EXERCISE GOAL: Reproduce the data below exactly as written. Pictures do not belong in the copy.

───── DATA EXTRACT ─────

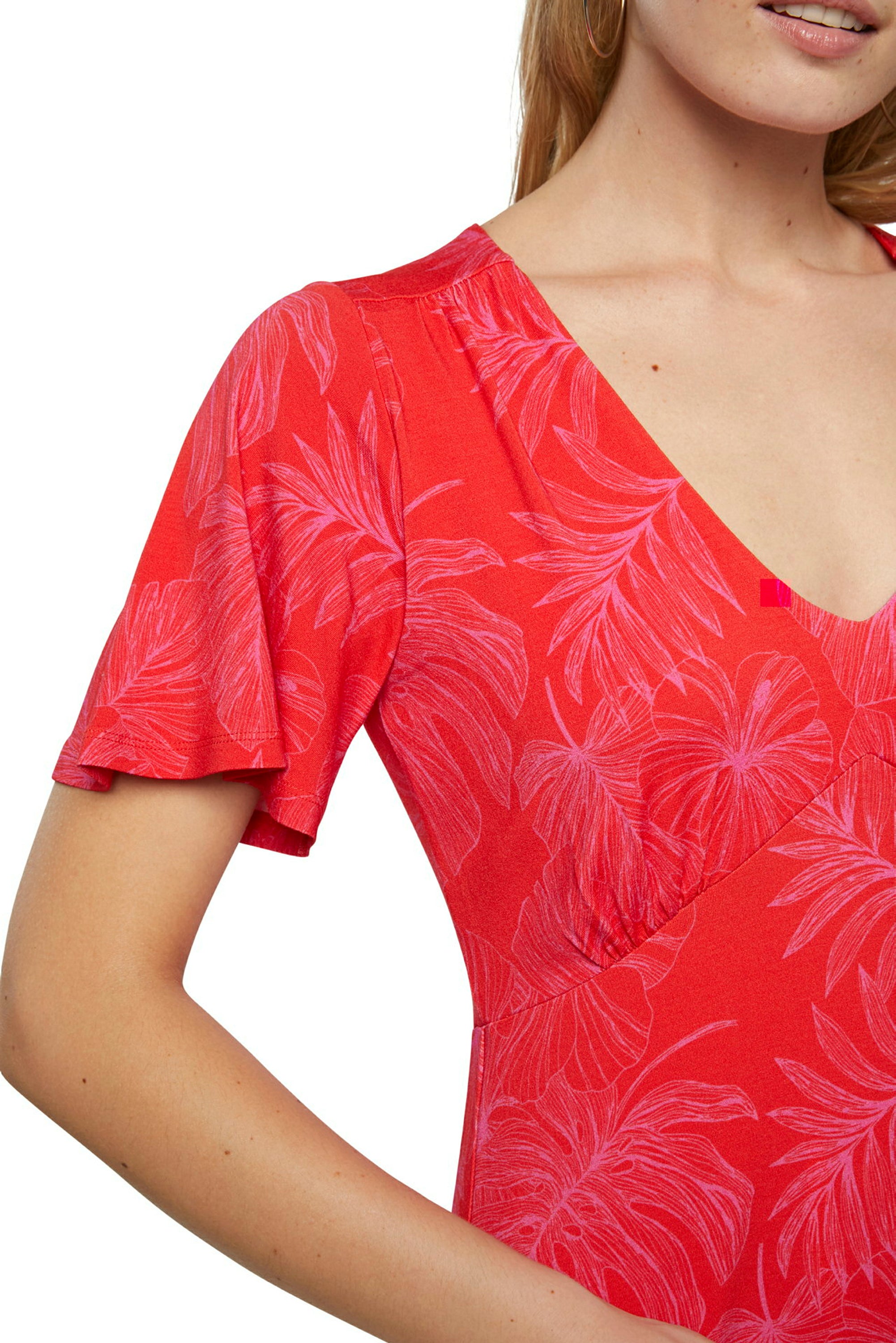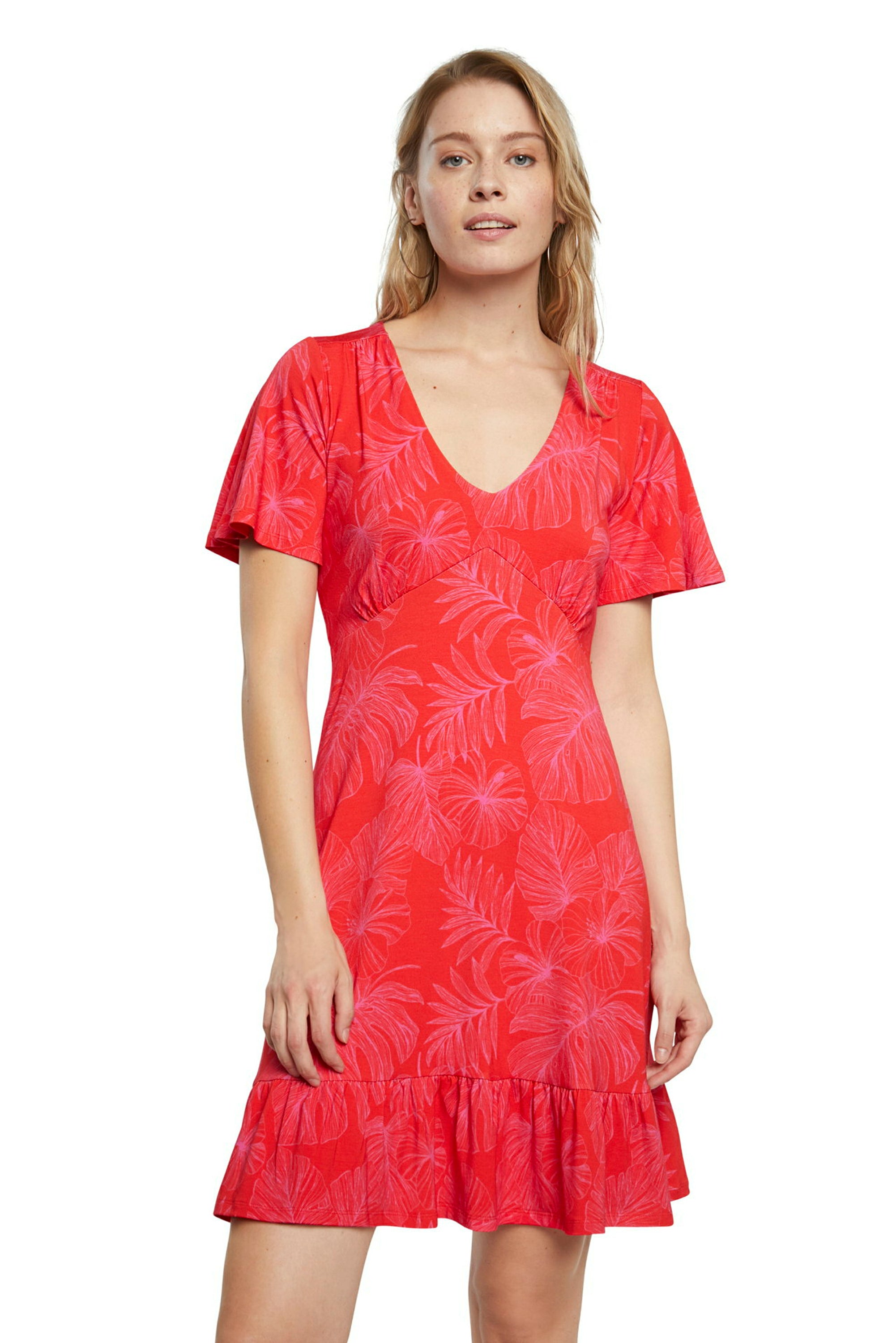 Fluidity is the main attraction of this knee-length dress with V-neck and short sleeves. Both the hem and the sleeves have flounce that emphasizes their fullness on a cool print.
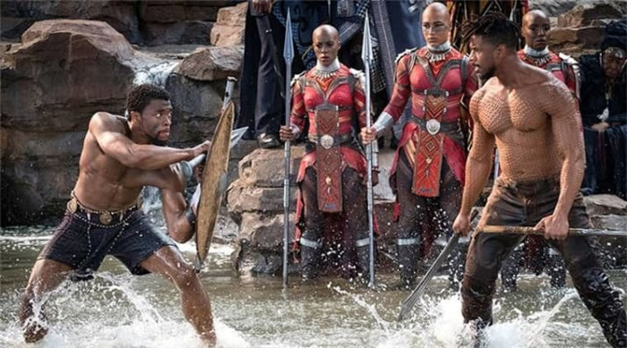 13. 特查拉与姆巴库(M'Baku)的决斗发生在拂晓,象征着新的开始;特查拉与反派克尔芒戈(Killmonger)的决斗发生在傍晚,象征着他的失败。另外,克尔芒戈将特查拉扔下瀑布的情节与漫画中保持了一致。
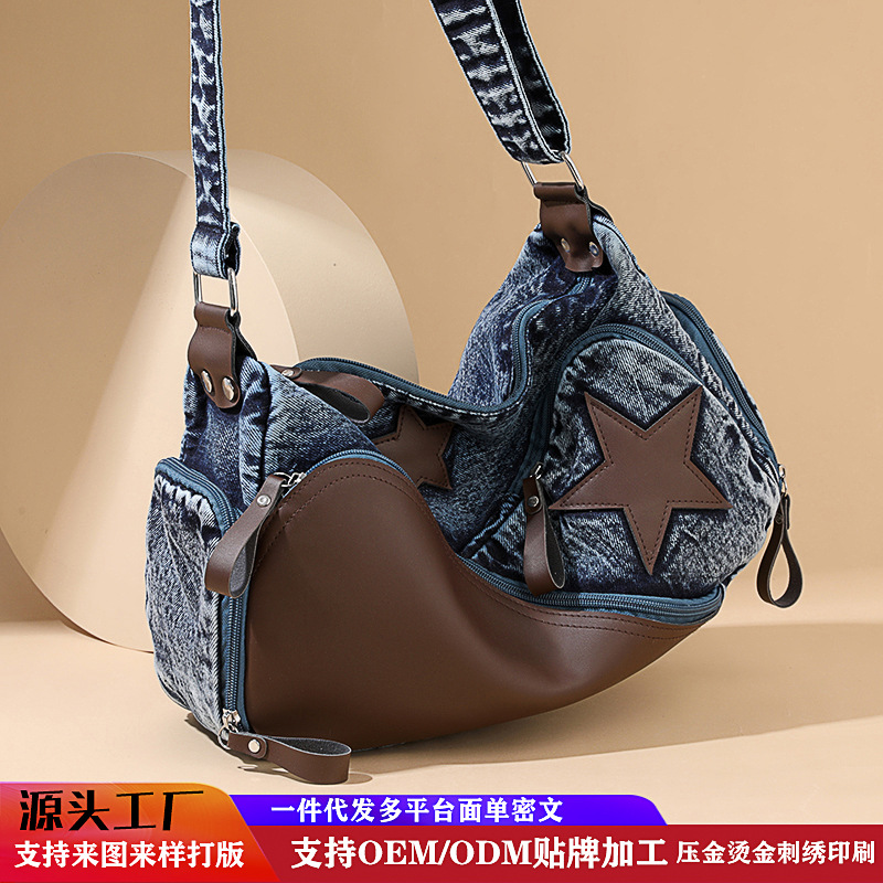 复古牛仔撞色包包 五角星立体装饰 ins潮腋下包 跨境爆款女包代发
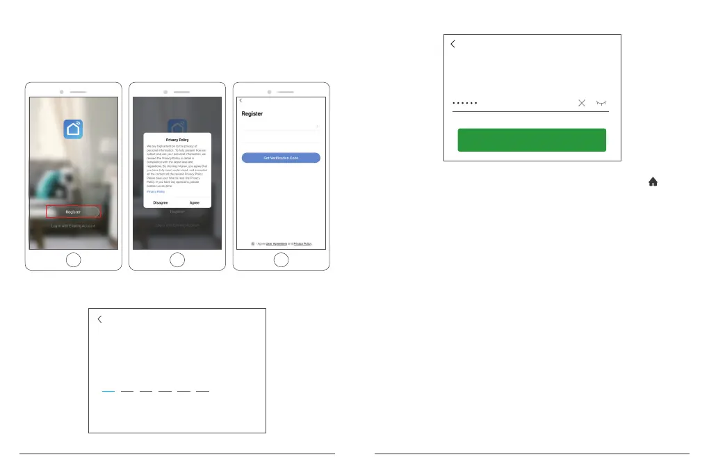 ① Open “Smart Life” app to click “Register → Agree”. Choose country/region, fill in

─────

EXERCISE ANSWER:
 Fluidity is the main attraction of this knee-length dress with V-neck and short sleeves. Both the hem and the sleeves have flounce that emphasizes their fullness on a cool print.
 13. 特查拉与姆巴库(M'Baku)的决斗发生在拂晓,象征着新的开始;特查拉与反派克尔芒戈(Killmonger)的决斗发生在傍晚,象征着他的失败。另外,克尔芒戈将特查拉扔下瀑布的情节与漫画中保持了一致。
 复古牛仔撞色包包 五角星立体装饰 ins潮腋下包 跨境爆款女包代发
 ① Open “Smart Life” app to click “Register → Agree”. Choose country/region, fill in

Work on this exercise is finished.